[Dataset records]
BEGIN
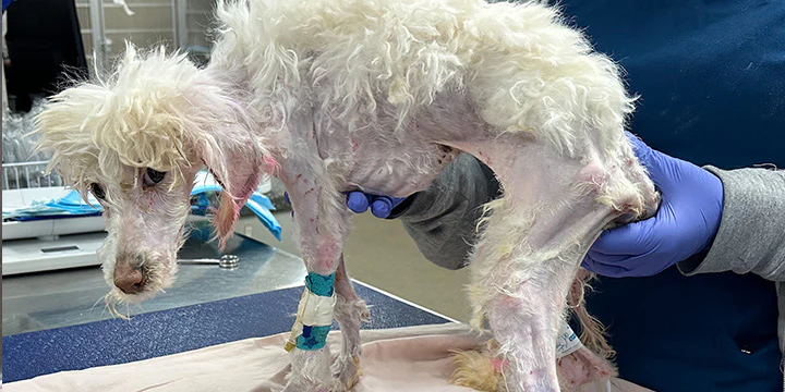 Emaciated Poodle With Acid Burns Found Unresponsive In Field Has Long Road To Recovery
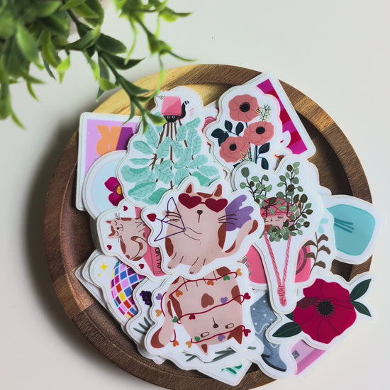 Un chat qui semble peu impressionné malgré la guirlande de cœurs qui l’entoure. Ce sticker joue sur l’humour et le contraste, parfait pour apporter une touche décalée et affectueuse à vos accessoires.
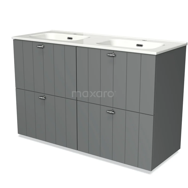 Modulo Bathroom furniture with sink | 120 cm Mid grey Slat front Ceramic 4 high drawers
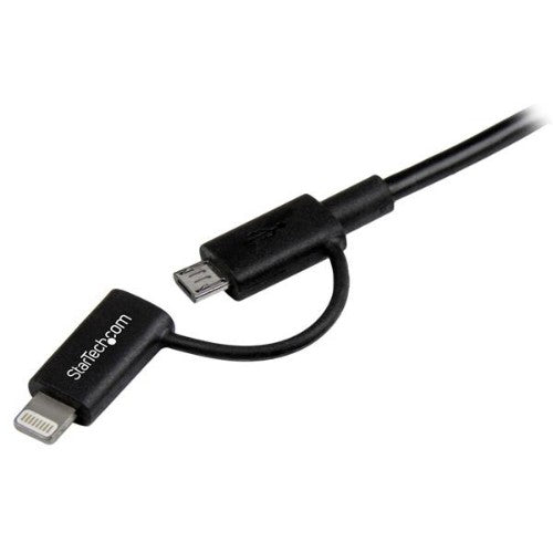 StarTech.com 1m (3 ft) Black Apple 8-pin Lightning Connector or Micro USB to USB Combo Cable for iPhone iPod iPad - Charge and Sync Cable (LTUB1MBK)
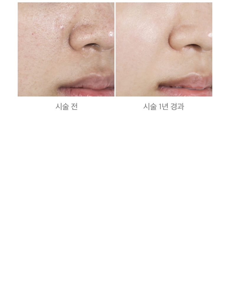 병리적인 피부 상태를 정상적인 피부로 돌려놓기 때문에 그 효과는 반영구적입니다. 시술을 통해 건강한 상태로 회복된 피부는 자극에도 예민하게 반응하지 않으며, 일시적인 문제가 생기더라도 이전보다 빠르게 건강한 상태로 회복됩니다.
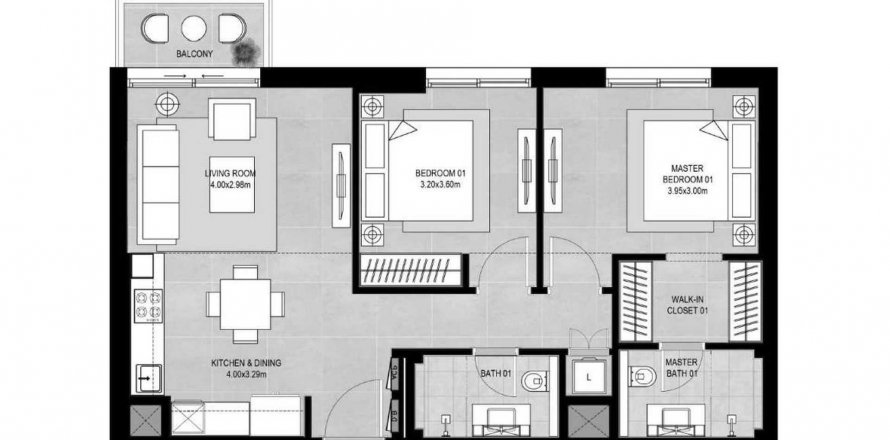 Floor plan «TYPE C», 2 bedrooms, in Fiori Residences
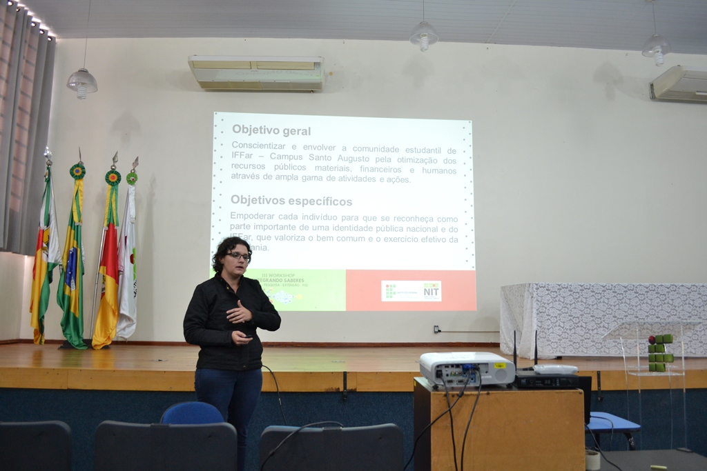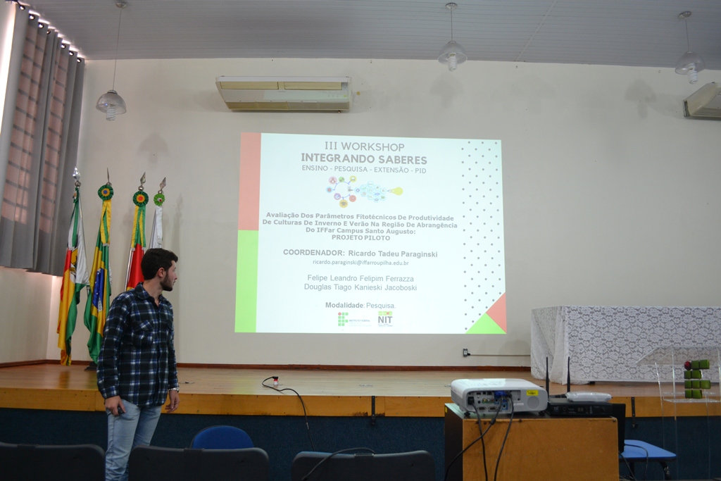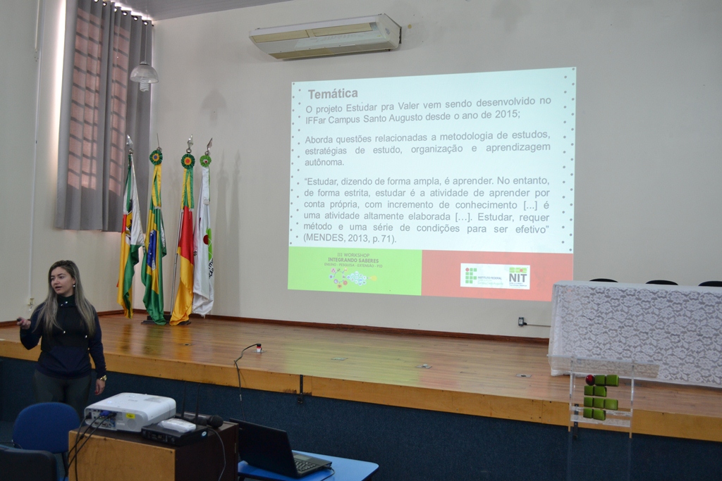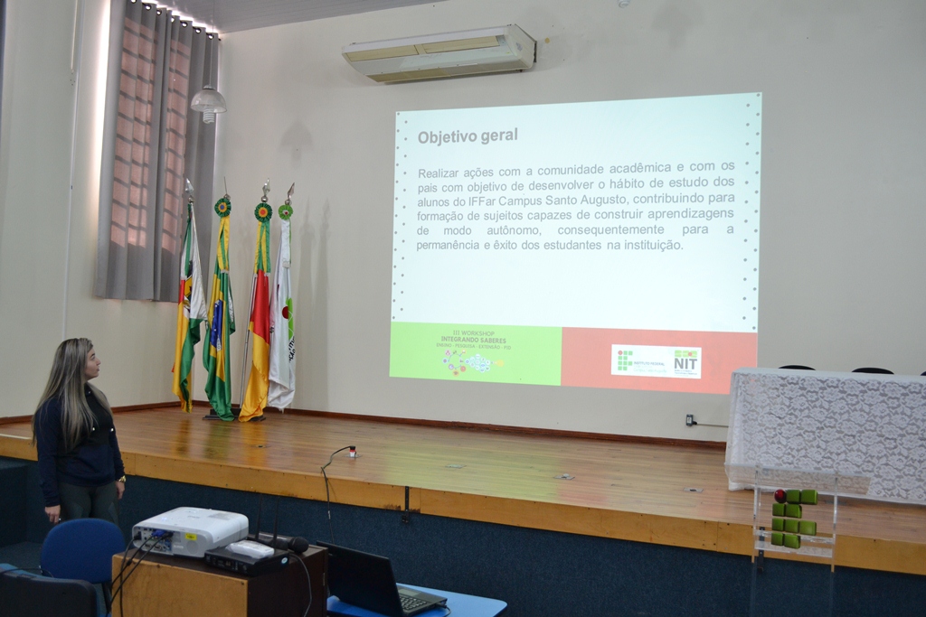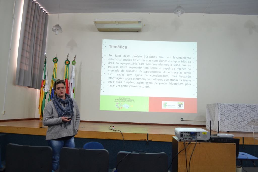 O Núcleo de Inovação e Transferência Tecnológica – NIT, do IFFar - Campus Santo Augusto, promoveu na tarde desta quarta-feira, dia 29 de maio, a 1ª etapa do Workshop Integrando os Saberes. O objetivo do evento é apresentar para a comunidade acadêmica as ações de ensino, pesquisa, extensão e desenvolvimento institucional, que estão sendo realizados pelos alunos e servidores da instituição.
END
**TASK GOAL**
Return the lines of the data above in full and exactly, with no pictures.

**RESULT BELOW**
 Emaciated Poodle With Acid Burns Found Unresponsive In Field Has Long Road To Recovery
 Un chat qui semble peu impressionné malgré la guirlande de cœurs qui l’entoure. Ce sticker joue sur l’humour et le contraste, parfait pour apporter une touche décalée et affectueuse à vos accessoires.
 Modulo Bathroom furniture with sink | 120 cm Mid grey Slat front Ceramic 4 high drawers
 StarTech.com 1m (3 ft) Black Apple 8-pin Lightning Connector or Micro USB to USB Combo Cable for iPhone iPod iPad - Charge and Sync Cable (LTUB1MBK)
 병리적인 피부 상태를 정상적인 피부로 돌려놓기 때문에 그 효과는 반영구적입니다. 시술을 통해 건강한 상태로 회복된 피부는 자극에도 예민하게 반응하지 않으며, 일시적인 문제가 생기더라도 이전보다 빠르게 건강한 상태로 회복됩니다.
 Floor plan «TYPE C», 2 bedrooms, in Fiori Residences
 O Núcleo de Inovação e Transferência Tecnológica – NIT, do IFFar - Campus Santo Augusto, promoveu na tarde desta quarta-feira, dia 29 de maio, a 1ª etapa do Workshop Integrando os Saberes. O objetivo do evento é apresentar para a comunidade acadêmica as ações de ensino, pesquisa, extensão e desenvolvimento institucional, que estão sendo realizados pelos alunos e servidores da instituição.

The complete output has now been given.